抽了张纸掷出,运力挥刀横扫,纸被拦中截断。
“好刀。”飞羽都有点眼馋,但清楚这是姑爷要带回京里的。
云崇青双眉蹙起,收势将刀放回盒里:“等事情明确了,这刀您喜欢就拿去用。”
“那我就先谢过姑爷了。”飞羽搓起手,两眼熠熠地看着盒中那家伙。他倒是想自个上门去打,但这不是怕惹怀疑吗?
刀试过了,云崇青又去看剑。剑是在府城焱冠铁铺锤的,与刀的沉实不同,它很轻薄,但拿在手里不浮。单从工艺上,他这个外行瞧不出什么,可有一点,剑柄同刀柄一般,都很好握。
拿纸拭了拭,毋庸置疑,也是把好剑。
飞羽建议:“这把您就自己留着用。”
“好。”云崇青请飞羽叔坐:“去打刀剑的人…”
“姑爷放心。他们都是江湖上人,拿银子办事,守着道,不敢犯忌讳。”飞羽的手到底还是摸上了那柄刀。
云崇青点了点头:“明日我和愈舒先一步回京,您跟常河叔陪我爹娘一起可以吗?”
“那有什么不可以的?”若非惦记闺女,飞羽还不大愿意重回京城。国都水太深,他不小了,想过些清闲日子。只夫人不在了,他除了看着自个闺女,还得再捧一捧姑娘,否则心里难安。
“韦阿婆随我们一道,嫂子怀喜,光府医和嬷嬷顾着不成,身边得有个懂生养的长辈在才周全。”
月头愈舒满十八了,她晚上缠得紧,他不免有些放纵。云崇青在想,回京是不是该请五姐帮忙再多寻摸两个底实的老嬷嬷。
“是,我娘也急。不是岁数摆那,她自个就乘船上京了。”要做外祖,飞羽也欢喜,可因着婆娘是生产走的,他又焦心。在云家用了饭,骑马归镇上。

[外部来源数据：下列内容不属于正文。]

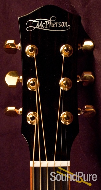 McPherson Guitars don't disappoint, and this extraordinary beauty is no exception. It features a remarkable Bear Claw Sitka Spuce top, with flamed Black Acacia backs and sides. The guitar is beautifully played by flat-picking legend, John Garris in the Sound Pure Recording Studios, and recorded using a simple minimalist microphone setup including the Earthworks SR40 Cardioid Microphones, and the Earthworks 1024 4-channel microphone preamp, feeding a Lynx Aurora 16 A/D converter. No special processing was done to make this recording. The guitar, and all the equipment used in making the recording are all available for purchase from Sound Pure. They can be reached toll free at 888-528-9703. The instrument specs include the following: Depth: 4" at block and 4.5" at tail block; Scale Length: 25"; Overall Length: 41" ;Neck Width: Standard 1 3/4" at nut, 2 5/32" at 12th; Neck Width: Wide 1 7/8" at nut, 2 5/32" at 12th; Electronics: L.R. Baggs RTS2 system. Ribbon transducer pick-up, pre-amp and volume control; Tuners: Schaller M6G Gold Tuning Machines; Gold Strap Button; Case: Custom fit Ameritage case with built in humidification system; Inlay: McPherson mother of pearl inlay on head cap and mirror image on bridge plate.

晚上,云崇青梳洗后开了箱笼,将刀剑放好。温愈舒绞着湿发从浴间走出,坐到妆奁前。这回去京里,她把嫁妆里用得着的都带上了,包括小时睡的摇摇篮。
锁上箱笼,云崇青走近媳妇,像过去一般抽走了绵巾子,细细帮她擦发:“回京修整几天,我就要上值。之前周计满说会重用,我估计没存什么好。”
“一些个人,总是记吃不记打。”温愈舒抠了脂膏在掌心磨了磨,待润了,再擦脸。擦好,又抠了一些,抓过夫君的手,两指捏走绵巾子,帮他涂抹,顺便按揉按揉。
云崇青俯身,压靠着妻子,双目望向铜镜。铜镜不比琉璃镜清晰,但昏黄的灯火下,却能将他们夫妻之间温馨安宁的绵绵情意映照出。
夫君的手跟他人一样好看,十指修长,骨节分明。按揉清爽后,温愈舒轻摩他掌上的薄茧,同看向镜子。镜中眉来眼去,勾勾缠缠,情渐浓。
当妻子柔软细嫩的指插·进他指间时,云崇青弯唇,埋首亲吻…
温愈舒长眉微凝,纹丝不动,两腮渐鼓起。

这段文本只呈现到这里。